What needs to be done: The answer is to be an exact copy of the lines below running from the line with "Sukienka zachwyca pięknym" down to the line with "Photograph of an", both ends included, and nothing more.

Data in this exercise:
BEGIN

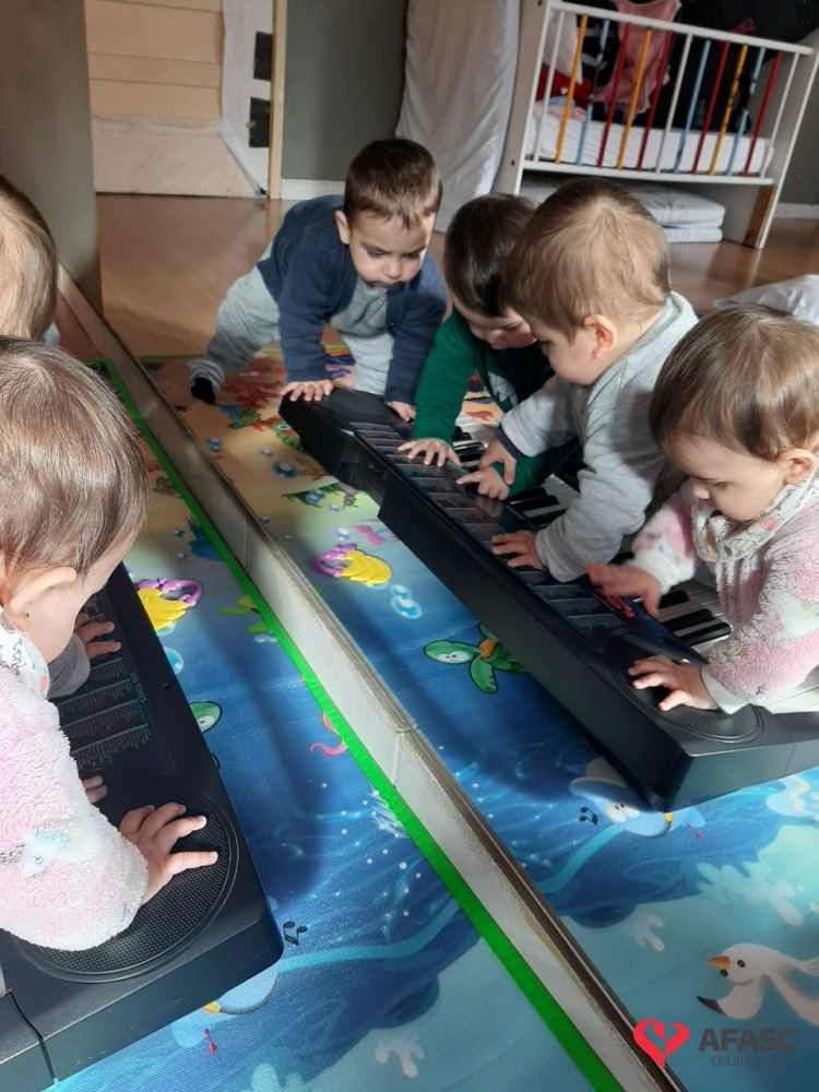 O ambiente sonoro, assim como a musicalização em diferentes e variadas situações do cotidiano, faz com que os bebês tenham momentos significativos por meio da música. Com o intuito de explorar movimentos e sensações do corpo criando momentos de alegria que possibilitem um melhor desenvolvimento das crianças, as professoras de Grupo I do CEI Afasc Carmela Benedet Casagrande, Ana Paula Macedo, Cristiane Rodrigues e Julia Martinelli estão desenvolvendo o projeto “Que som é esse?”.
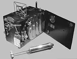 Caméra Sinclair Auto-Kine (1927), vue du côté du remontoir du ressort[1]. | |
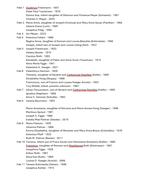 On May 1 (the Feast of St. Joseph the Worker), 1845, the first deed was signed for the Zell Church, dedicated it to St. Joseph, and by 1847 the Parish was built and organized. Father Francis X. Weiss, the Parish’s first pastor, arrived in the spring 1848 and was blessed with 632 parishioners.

END
BEGIN

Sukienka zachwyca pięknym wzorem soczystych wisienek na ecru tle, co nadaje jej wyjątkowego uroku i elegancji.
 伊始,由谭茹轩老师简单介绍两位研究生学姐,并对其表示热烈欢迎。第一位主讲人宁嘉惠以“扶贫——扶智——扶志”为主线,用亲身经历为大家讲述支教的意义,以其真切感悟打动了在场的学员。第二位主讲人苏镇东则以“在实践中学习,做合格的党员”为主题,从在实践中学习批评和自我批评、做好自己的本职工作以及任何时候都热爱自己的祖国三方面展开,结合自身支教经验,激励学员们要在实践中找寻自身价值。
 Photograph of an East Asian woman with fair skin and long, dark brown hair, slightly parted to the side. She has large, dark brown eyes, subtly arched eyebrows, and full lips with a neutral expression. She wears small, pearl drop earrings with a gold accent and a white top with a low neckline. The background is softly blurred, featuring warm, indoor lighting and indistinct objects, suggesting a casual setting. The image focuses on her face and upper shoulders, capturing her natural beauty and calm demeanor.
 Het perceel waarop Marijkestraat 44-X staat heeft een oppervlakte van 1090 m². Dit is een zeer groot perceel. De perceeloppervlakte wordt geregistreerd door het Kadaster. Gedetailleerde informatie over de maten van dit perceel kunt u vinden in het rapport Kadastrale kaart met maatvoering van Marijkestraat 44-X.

END

Solved problem:
Sukienka zachwyca pięknym wzorem soczystych wisienek na ecru tle, co nadaje jej wyjątkowego uroku i elegancji.
 伊始,由谭茹轩老师简单介绍两位研究生学姐,并对其表示热烈欢迎。第一位主讲人宁嘉惠以“扶贫——扶智——扶志”为主线,用亲身经历为大家讲述支教的意义,以其真切感悟打动了在场的学员。第二位主讲人苏镇东则以“在实践中学习,做合格的党员”为主题,从在实践中学习批评和自我批评、做好自己的本职工作以及任何时候都热爱自己的祖国三方面展开,结合自身支教经验,激励学员们要在实践中找寻自身价值。
 Photograph of an East Asian woman with fair skin and long, dark brown hair, slightly parted to the side. She has large, dark brown eyes, subtly arched eyebrows, and full lips with a neutral expression. She wears small, pearl drop earrings with a gold accent and a white top with a low neckline. The background is softly blurred, featuring warm, indoor lighting and indistinct objects, suggesting a casual setting. The image focuses on her face and upper shoulders, capturing her natural beauty and calm demeanor.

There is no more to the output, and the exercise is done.